=== Safe Paste ===
Contributors: samuelaguilera
Donate link: https://www.paypal.com/cgi-bin/webscr?cmd=_s-xclick&hosted_button_id=8ER3Y2THBMFV6
Tags: strip tags, html, tinymce, post content, editor, wysiwyg
Requires at least: 3.0
Tested up to: 3.4.2
Stable tag: 1.1
License: GPL2

Removes a lot of HTML tags from post and page content before inserting it to database. Preventing users to paste undesired HTML tags to content.

== Description ==

WordPress do a great job by default filtering potentially dangerous code inside your content. So this plugin is NOT about security.

But people can break your site design without compromising your security... That's the purpose of this little plugin.

Do you have users that creates content for you?. Do you own an online Magazine?

If you answer yes to at least one of the above questions, I'm sure you have minor design troubles in your site because of your users using copy/paste (ofcourse without using TinyMCE buttons to remove code) while not being aware of all the HTML tags they are pasting...

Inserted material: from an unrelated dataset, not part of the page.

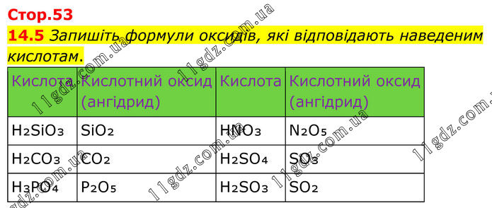 14.5 Запишіть формули оксидів, які відповідають наведен им кислотам. Кислота Кислотний оксид (ангідрид) Кислота Кислотний оксид (ангідрид) H₂SiO₃ SiO₂ HNO₃ N₂O₅ H₂CO₃ CO₂ H₂SO₄ SO₃ H₃PO₄ P₂O₅ H₂SO₃ SO₂

This plugin simply removes a lot of HTML tags (and HTML entities) from post and page content before inserting it to database. Preventing users (including you) to paste undesired HTML tags to the content.

It only does his work while you're editing your post/page (it can be in any status). So it'll do the job on the new post/pages you create after the activation of the plugin and in old content that you edit after the plugin activation.

These are the HTML tags that stays:

&lt;p&gt;
&lt;a&gt; (allowed attributes: href, title).
&lt;img&gt; (allowed attributes: src, alt, class).
&lt;h1&gt;
&lt;h2&gt;
&lt;h3&gt;
&lt;h4&gt;
&lt;h5&gt;
&lt;h6&gt;
&lt;blockquote&gt;
&lt;ol&gt;
&lt;ul&gt;
&lt;li&gt;
&lt;em&gt;
&lt;strong&gt;
&lt;del&gt;

Any other HTML tag (or attributes) should be removed.

= Features =

* <a href="http://en.wikipedia.org/wiki/KISS_principle">KISS</a> philosofy :)

= Requirements =

* WordPress 3.x or higher.
    	
== Installation ==

* Extract the zip file and just drop the contents in the <code>wp-content/plugins/</code> directory of your WordPress installation (or install it directly from your dashboard) and then activate the plugin from Plugins page.
* Nothing more! No settings page (for the moment), just activate or deactivate it.
  
== Frequently Asked Questions ==

= Will this plugin works in WordPress older than 3.x? =

Maybe... But the question is... WTF are you using anything older than that?

= Are you planning to add more features? =

Maybe adding a settings page to choose wich tags to remove or leave and setting an user level to apply the filter.

== Changelog ==

= 1.1 =

* Changed: Now using WP function wp_kses instead of generic PHP strip_tags. This change also allow to use cforms plugin, that uses HTML comments to insert their forms (a very bad method by the way, should use shortcodes instead).
* Added: Allow only http and https protocols in post/page content.

= 1.0 =

* Initial release.

== Upgrade Notice ==

= 1.1 =
Recommended upgrade. Fixed cforms compatibility.